Wherever the line with "12. I went to" sits in the listing below, transcribe from it up to and including the line with "ルフィたちが歩んできた歴史と", exactly, and leave the remaining lines out.

**** RECORDS SUPPLIED ****

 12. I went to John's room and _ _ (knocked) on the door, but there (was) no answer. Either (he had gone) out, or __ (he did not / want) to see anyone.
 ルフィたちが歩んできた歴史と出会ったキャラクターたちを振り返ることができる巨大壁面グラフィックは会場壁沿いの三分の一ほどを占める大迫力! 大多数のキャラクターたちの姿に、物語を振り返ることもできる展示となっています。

****
**** RECORDS SUPPLIED ****

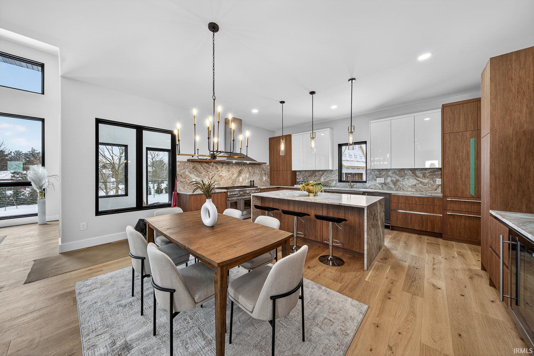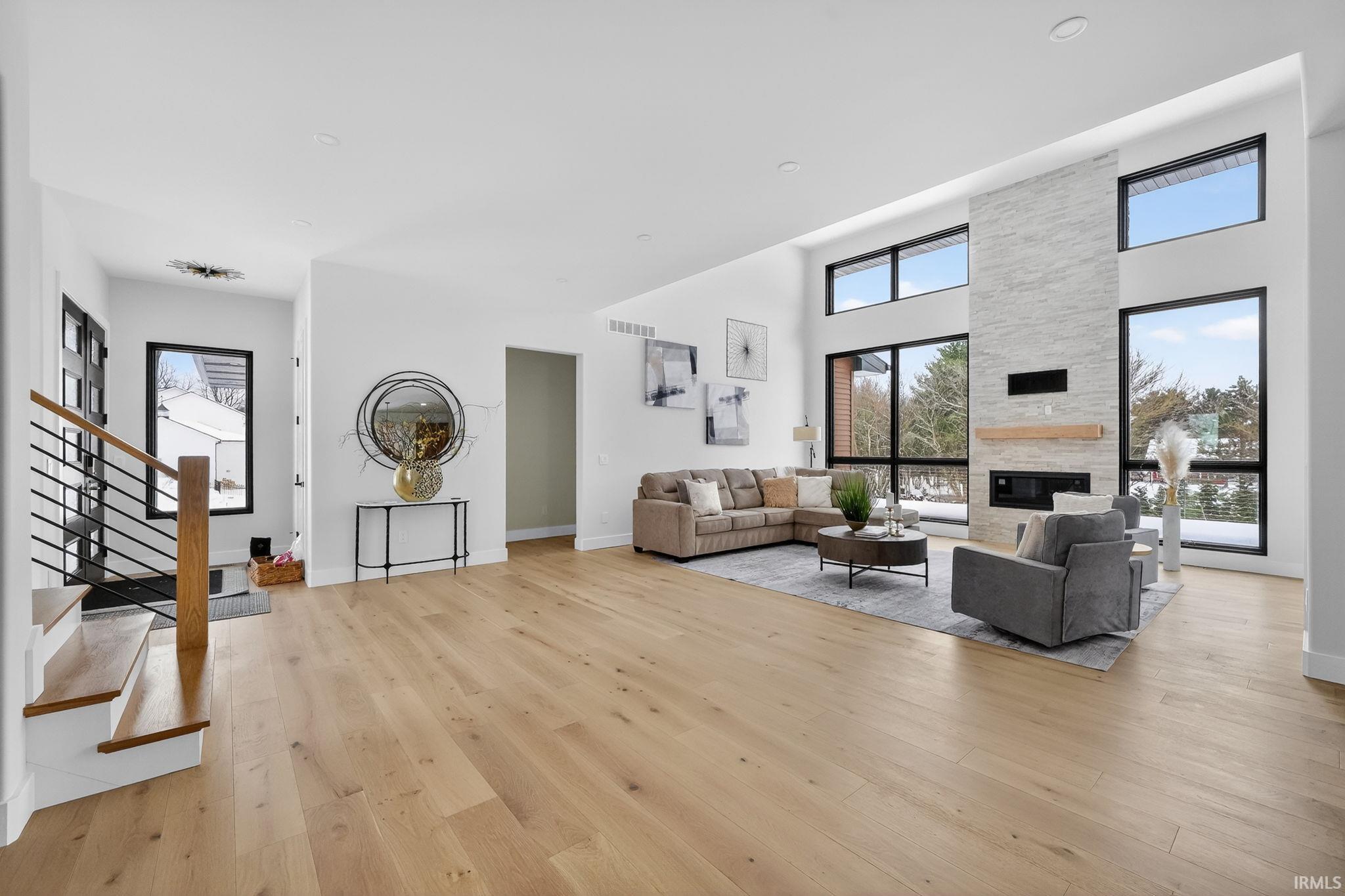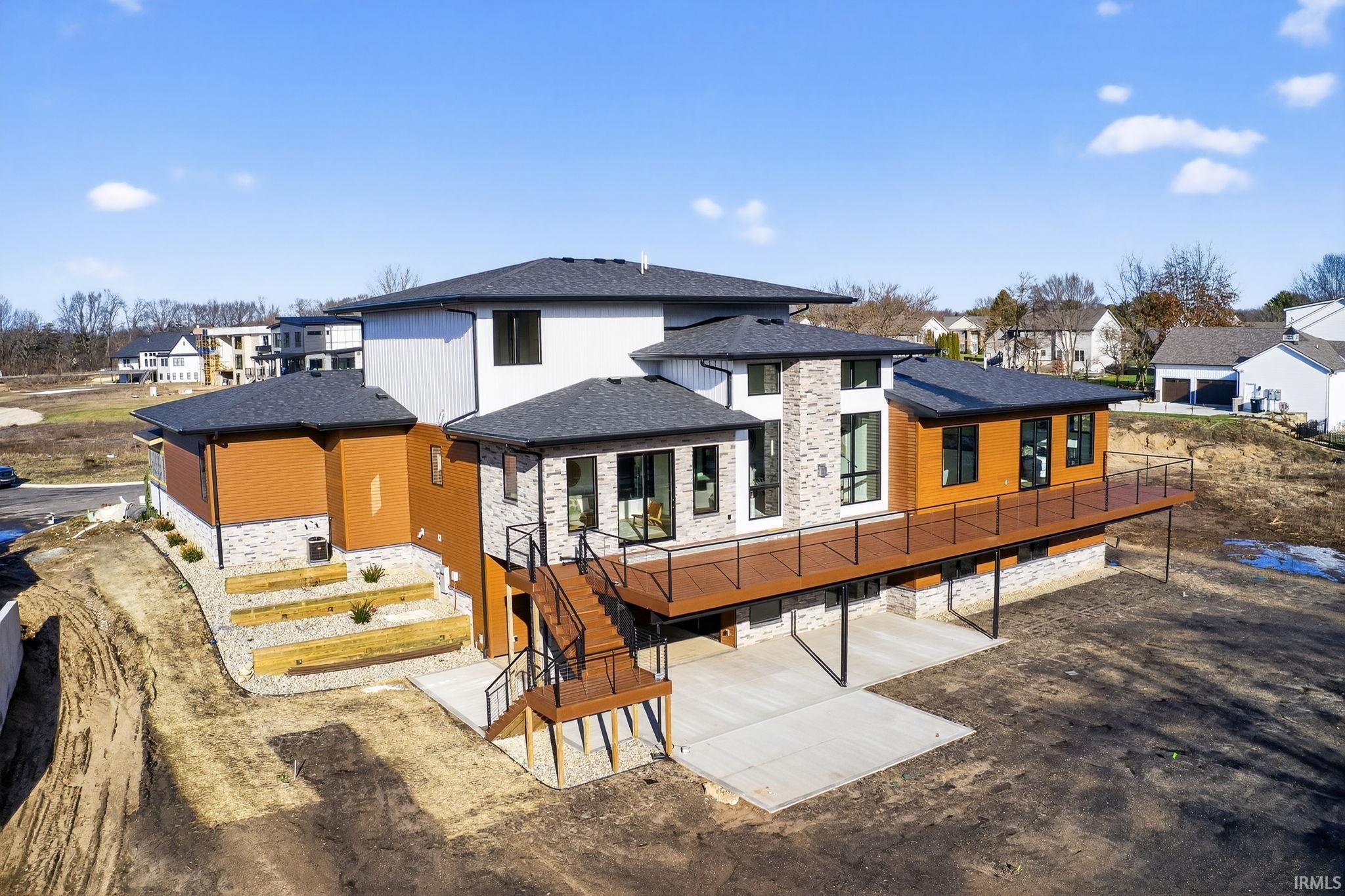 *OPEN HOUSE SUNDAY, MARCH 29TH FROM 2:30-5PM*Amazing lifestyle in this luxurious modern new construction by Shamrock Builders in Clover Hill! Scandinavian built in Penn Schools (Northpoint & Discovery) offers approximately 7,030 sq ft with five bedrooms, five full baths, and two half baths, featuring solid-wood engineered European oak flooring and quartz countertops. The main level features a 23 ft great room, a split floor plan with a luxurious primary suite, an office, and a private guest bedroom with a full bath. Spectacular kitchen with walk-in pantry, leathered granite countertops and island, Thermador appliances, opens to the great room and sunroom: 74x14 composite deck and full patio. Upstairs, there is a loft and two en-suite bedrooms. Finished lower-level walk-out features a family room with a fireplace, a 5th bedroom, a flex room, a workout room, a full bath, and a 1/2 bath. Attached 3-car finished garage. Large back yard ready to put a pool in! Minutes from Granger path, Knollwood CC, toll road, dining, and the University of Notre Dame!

****
**** RECORDS SUPPLIED ****

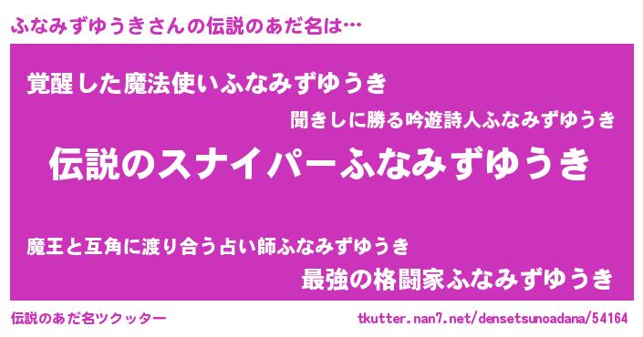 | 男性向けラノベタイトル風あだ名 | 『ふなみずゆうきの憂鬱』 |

****

» **YOUR SOLUTION**
 12. I went to John's room and _ _ (knocked) on the door, but there (was) no answer. Either (he had gone) out, or __ (he did not / want) to see anyone.
 ルフィたちが歩んできた歴史と出会ったキャラクターたちを振り返ることができる巨大壁面グラフィックは会場壁沿いの三分の一ほどを占める大迫力! 大多数のキャラクターたちの姿に、物語を振り返ることもできる展示となっています。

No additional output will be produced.